Copy exactly the line containing "وقيل: الضمير في" and all the lines that follow it to the end of the records, minus the pictures.
**** Provided data ****
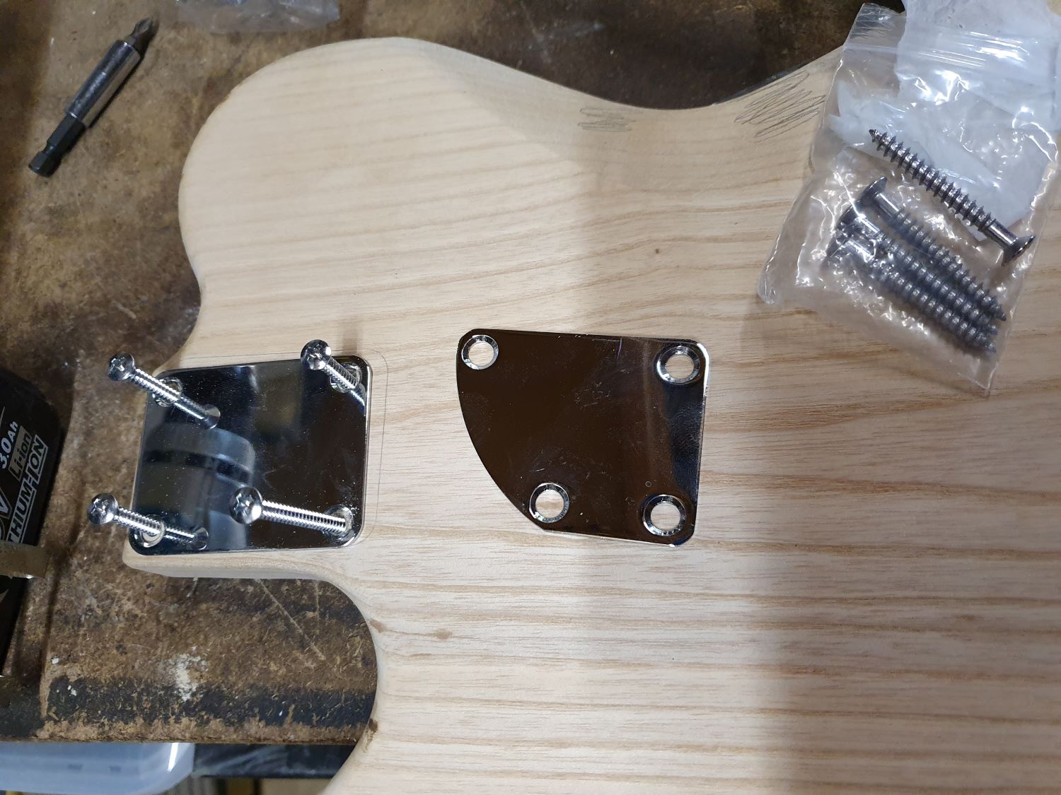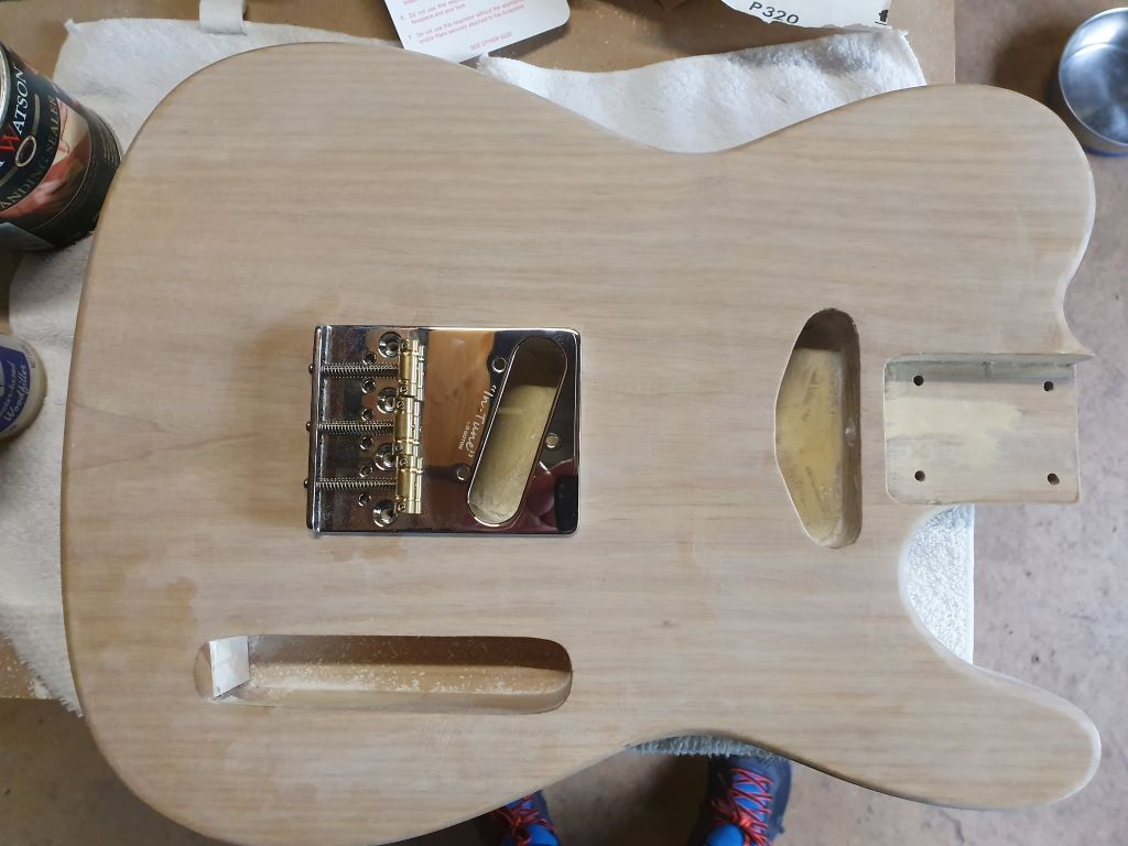 In terms of looks (as you should try to avoid painting in the neck pocket except around the very edges), you could consider filling the gouge, then sticking a piece of ash or maple veneer over the top. It will raise the neck up slightly, but not by much (and you can always sand the veneer even thinner first).
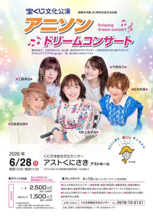国東市市制20周年記念文化公演として、宝くじ文化公演アニソンドリームコンサートを開催します。本公演は、「宝くじ」からの助成を受け、特別料金で実施するコンサートです。
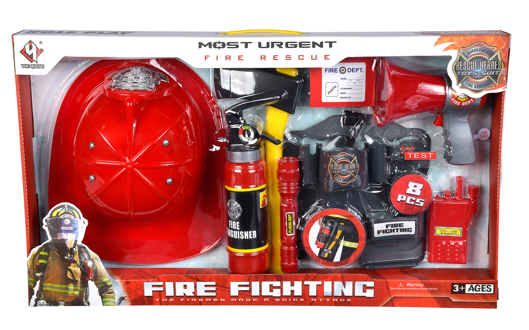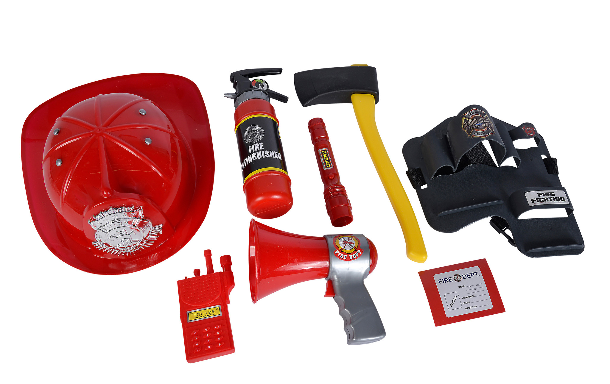 Rolspel Brandbestrijdingsset 8stuks met zaklamp, hoorn, helm, walkietalkie, bijl, brandblusser, ID-KAART, beenholster
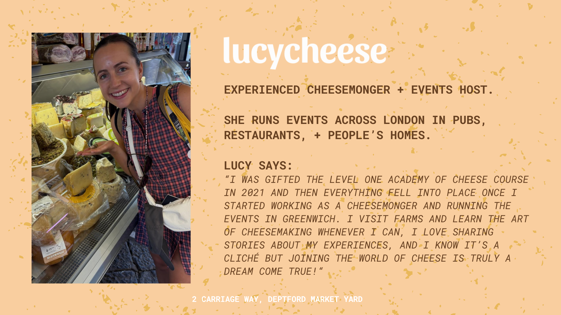This session is led by Lucy, cheesemonger at The Cheeseboard in Greenwich and finalist at the Young Cheesemonger of the Year. She has chosen a delicious range of cheeses especially for this event, each paired with soft, playful drinks ideal for daytime tasting.
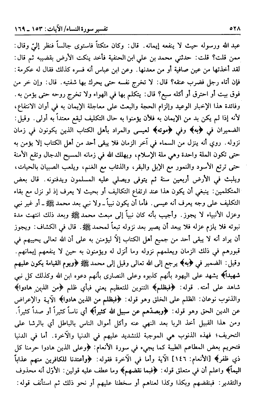 وقيل: الضمير في بِهِ يرجع إلى الله تعالى وقيل إلى محمد صلى الله عليه وسلم وَيَوْمَ الْقِيامَةِ يَكُونُ عَلَيْهِمْ شَهِيداً يشهد على اليهود بأنهم كذبوه وعلى النصارى بأنهم دعوه ابن الله وكذلك كل نبي شاهد على أمته. قوله: فَبِظُلْمٍ التنوين للتعظيم يعني فبأي ظلم مِنَ الَّذِينَ هادُوا والذنوب نوعان: الظلم على الخلق وهو قوله: فَبِظُلْمٍ مِنَ الَّذِينَ هادُوا الآية والإعراض عن الدين الحق وهو قوله: وَبِصَدِّهِمْ عَنْ سَبِيلِ اللَّهِ كَثِيراً أي ناسا كثيرا أو صدا كثيرا.
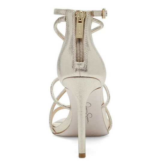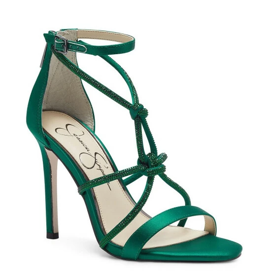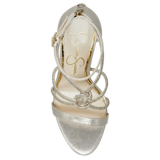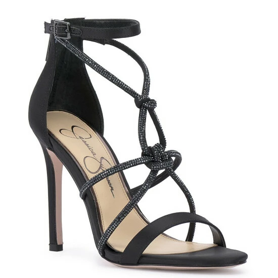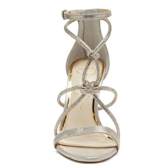 From Jessica Simpson, the Josy Rhinestone Knot Strappy Dress Sandals feature:
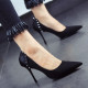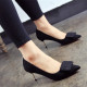 细跟高跟单鞋韩国公主简约绒面尖头鞋糖果色低帮鞋小码OL黑色女鞋
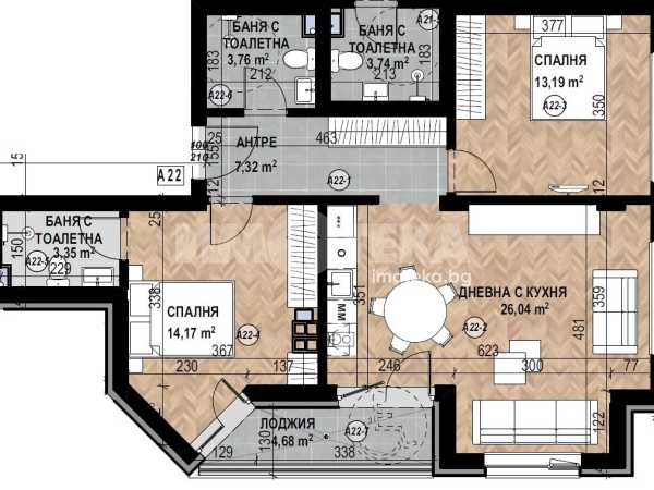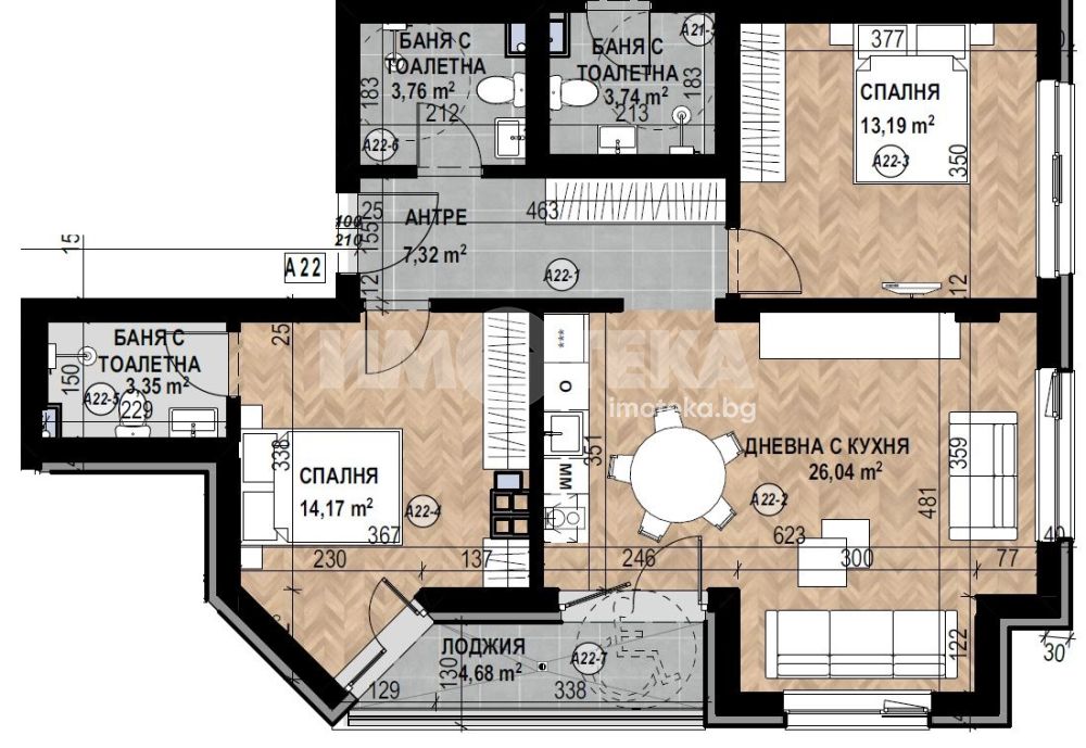 Функционален тристаен апартамент с чиста площ 86,64 кв. м., състоящ се от дневна с кухня 26 кв.м., две спални съответно по 13 и 14 кв. м., два санитарни възела и южна лоджия.
****
§ Answer below:
 وقيل: الضمير في بِهِ يرجع إلى الله تعالى وقيل إلى محمد صلى الله عليه وسلم وَيَوْمَ الْقِيامَةِ يَكُونُ عَلَيْهِمْ شَهِيداً يشهد على اليهود بأنهم كذبوه وعلى النصارى بأنهم دعوه ابن الله وكذلك كل نبي شاهد على أمته. قوله: فَبِظُلْمٍ التنوين للتعظيم يعني فبأي ظلم مِنَ الَّذِينَ هادُوا والذنوب نوعان: الظلم على الخلق وهو قوله: فَبِظُلْمٍ مِنَ الَّذِينَ هادُوا الآية والإعراض عن الدين الحق وهو قوله: وَبِصَدِّهِمْ عَنْ سَبِيلِ اللَّهِ كَثِيراً أي ناسا كثيرا أو صدا كثيرا.
 From Jessica Simpson, the Josy Rhinestone Knot Strappy Dress Sandals feature:
 细跟高跟单鞋韩国公主简约绒面尖头鞋糖果色低帮鞋小码OL黑色女鞋
 Функционален тристаен апартамент с чиста площ 86,64 кв. м., състоящ се от дневна с кухня 26 кв.м., две спални съответно по 13 и 14 кв. м., два санитарни възела и южна лоджия.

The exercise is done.